I've never observed this star before, but I'm getting a set of B & V images to average now, and will report back after analysis.

Brad Vietje, VBPA

Newbury, VT

www.nkaf.org

Affiliation
American Association of Variable Star Observers (AAVSO)
V1454 Cyg

I averaged 3 x 120 sec in V and 3x 240 sec in B in VPhot and found it at V = 14.934 and B =15.210 with 4 comps (not transformed) on 9-17-2017 at 02:42:54 (JD = 2458013.61313)  SNR only 38 in B and 54 in V, so longer exposures would be helpful for another try (17" f/6.8 telescope).

Have not reported this, as VPhot was being funky and would not allow me to designate a check star, which I need for both the AAVSO report and to report transformed measures.  Will try VPhot again in the morning, and see if I can report transformed mag's.

Clear skies,

 

Brad Vietje, VBPA

Newbury, VT

www.nkaf.org

Affiliation
American Association of Variable Star Observers (AAVSO)
Detectado periodo de hums en outburtst 0.0566 d. fecha 20170916

He detectado periodo de hums de 0.0566d. durante una serie fotométrica de 2 horas en outburst de fecha 20170916.

Affiliation
American Association of Variable Star Observers (AAVSO)
15ish indeed

FWIW, I submitted a singe datapoint from my cloud-interrupted session last night, V=14.996 untransformed, +/- 0.05 as a conservative error estim.

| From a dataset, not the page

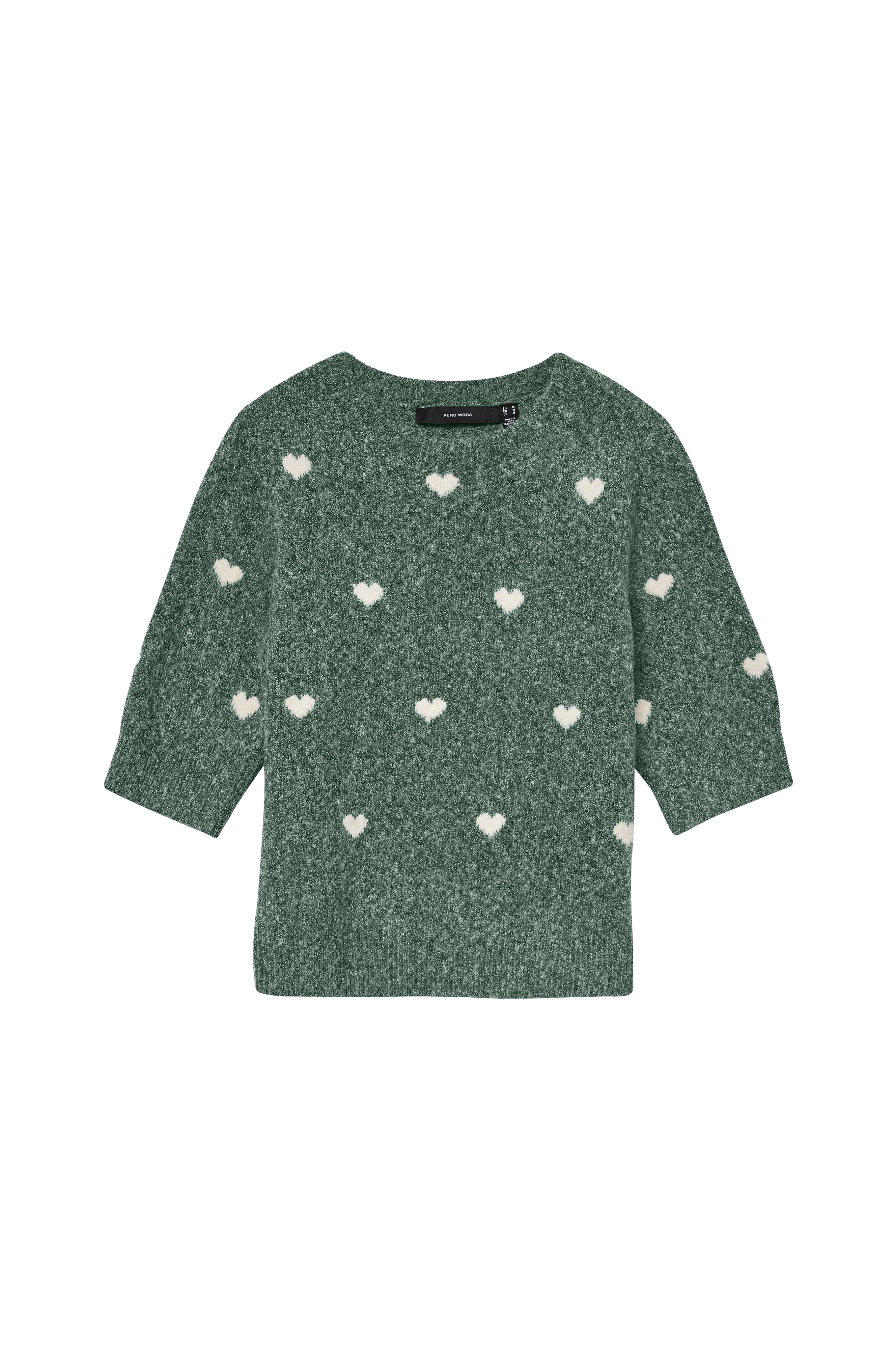 • Fintstrikket trøje med halvlange ærmer og hjerter hele vejen rundt• Rund, ribbet halsudskæring• Ribkanter ved ærmeafslutningerne og ved nederste kant

I'm new to this type of variables, so please excuse my ignorance and correct me if I'm wrong: from present data it looks like this is a normal outburst and not a super-outburst, and one would expect this kind of event to last for perhaps a week or so?

EDIT: actually I'm confused after reading some more on  this ...can someone clarify what would make it a superoutburst? The very short period vraiations reported here would be the superhumps of a superoutburst?

CS

HB

 

Affiliation
American Association of Variable Star Observers (AAVSO)
Data Added

I was able to create the AAVSO report this AM, and have uploaded the data.  I know nothing about this star, just wanted to help with a little data for those who do.  I'll attempt to attach the report here.

Having transformed the measures, the values are a bit dimmer -- 15.002 in V and 15.174 in B.